=== Assignment ===
Each line containing the string "green" should be copied out of the entries.

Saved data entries
>>>>
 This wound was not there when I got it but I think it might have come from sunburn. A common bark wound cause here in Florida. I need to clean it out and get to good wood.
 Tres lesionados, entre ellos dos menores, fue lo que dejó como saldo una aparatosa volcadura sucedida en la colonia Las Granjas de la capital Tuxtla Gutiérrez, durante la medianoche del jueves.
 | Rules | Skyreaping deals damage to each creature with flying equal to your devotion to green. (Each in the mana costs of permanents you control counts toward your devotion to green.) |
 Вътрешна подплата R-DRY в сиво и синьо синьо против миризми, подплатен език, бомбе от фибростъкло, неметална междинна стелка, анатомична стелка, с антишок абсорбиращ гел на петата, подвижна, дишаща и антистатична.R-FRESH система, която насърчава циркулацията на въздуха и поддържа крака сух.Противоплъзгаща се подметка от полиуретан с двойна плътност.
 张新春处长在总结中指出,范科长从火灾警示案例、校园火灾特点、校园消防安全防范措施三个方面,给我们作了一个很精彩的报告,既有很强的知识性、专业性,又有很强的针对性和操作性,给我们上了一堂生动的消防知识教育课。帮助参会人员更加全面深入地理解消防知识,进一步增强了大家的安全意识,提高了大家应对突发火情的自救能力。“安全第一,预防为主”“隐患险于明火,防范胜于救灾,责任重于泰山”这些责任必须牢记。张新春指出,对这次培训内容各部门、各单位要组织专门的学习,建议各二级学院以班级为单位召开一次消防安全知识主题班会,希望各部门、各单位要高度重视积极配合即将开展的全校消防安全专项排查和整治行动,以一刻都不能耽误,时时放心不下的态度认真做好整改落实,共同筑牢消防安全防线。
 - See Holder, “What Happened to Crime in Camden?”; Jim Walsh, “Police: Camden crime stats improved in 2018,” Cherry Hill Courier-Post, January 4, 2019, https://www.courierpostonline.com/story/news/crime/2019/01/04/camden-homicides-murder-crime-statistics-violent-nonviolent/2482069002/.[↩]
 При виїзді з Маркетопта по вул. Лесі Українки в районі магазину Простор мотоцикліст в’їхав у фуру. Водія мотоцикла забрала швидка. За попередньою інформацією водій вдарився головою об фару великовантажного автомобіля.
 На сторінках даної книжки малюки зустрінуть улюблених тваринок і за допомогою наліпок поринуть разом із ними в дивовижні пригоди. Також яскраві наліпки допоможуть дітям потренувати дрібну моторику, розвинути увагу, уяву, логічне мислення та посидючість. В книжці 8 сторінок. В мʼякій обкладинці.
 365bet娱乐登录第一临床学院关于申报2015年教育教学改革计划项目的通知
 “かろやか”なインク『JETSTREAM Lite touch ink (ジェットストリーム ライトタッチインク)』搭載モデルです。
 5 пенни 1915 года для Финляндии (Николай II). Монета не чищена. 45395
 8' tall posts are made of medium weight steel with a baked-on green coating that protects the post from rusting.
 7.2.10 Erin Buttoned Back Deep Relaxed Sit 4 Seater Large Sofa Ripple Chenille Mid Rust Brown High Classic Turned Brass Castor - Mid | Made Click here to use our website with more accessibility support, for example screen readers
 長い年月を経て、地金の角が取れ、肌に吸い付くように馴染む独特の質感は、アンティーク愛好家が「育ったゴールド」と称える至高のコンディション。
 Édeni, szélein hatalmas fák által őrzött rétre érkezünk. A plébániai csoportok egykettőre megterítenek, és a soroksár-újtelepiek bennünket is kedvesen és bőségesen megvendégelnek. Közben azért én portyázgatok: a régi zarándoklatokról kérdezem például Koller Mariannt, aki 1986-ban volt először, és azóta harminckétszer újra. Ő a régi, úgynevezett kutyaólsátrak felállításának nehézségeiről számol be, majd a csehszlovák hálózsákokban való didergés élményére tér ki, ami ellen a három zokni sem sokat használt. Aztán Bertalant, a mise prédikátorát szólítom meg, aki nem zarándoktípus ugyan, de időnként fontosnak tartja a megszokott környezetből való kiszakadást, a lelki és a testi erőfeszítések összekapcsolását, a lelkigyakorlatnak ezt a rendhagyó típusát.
<<<<
=== Task response ===
 | Rules | Skyreaping deals damage to each creature with flying equal to your devotion to green. (Each in the mana costs of permanents you control counts toward your devotion to green.) |
 8' tall posts are made of medium weight steel with a baked-on green coating that protects the post from rusting.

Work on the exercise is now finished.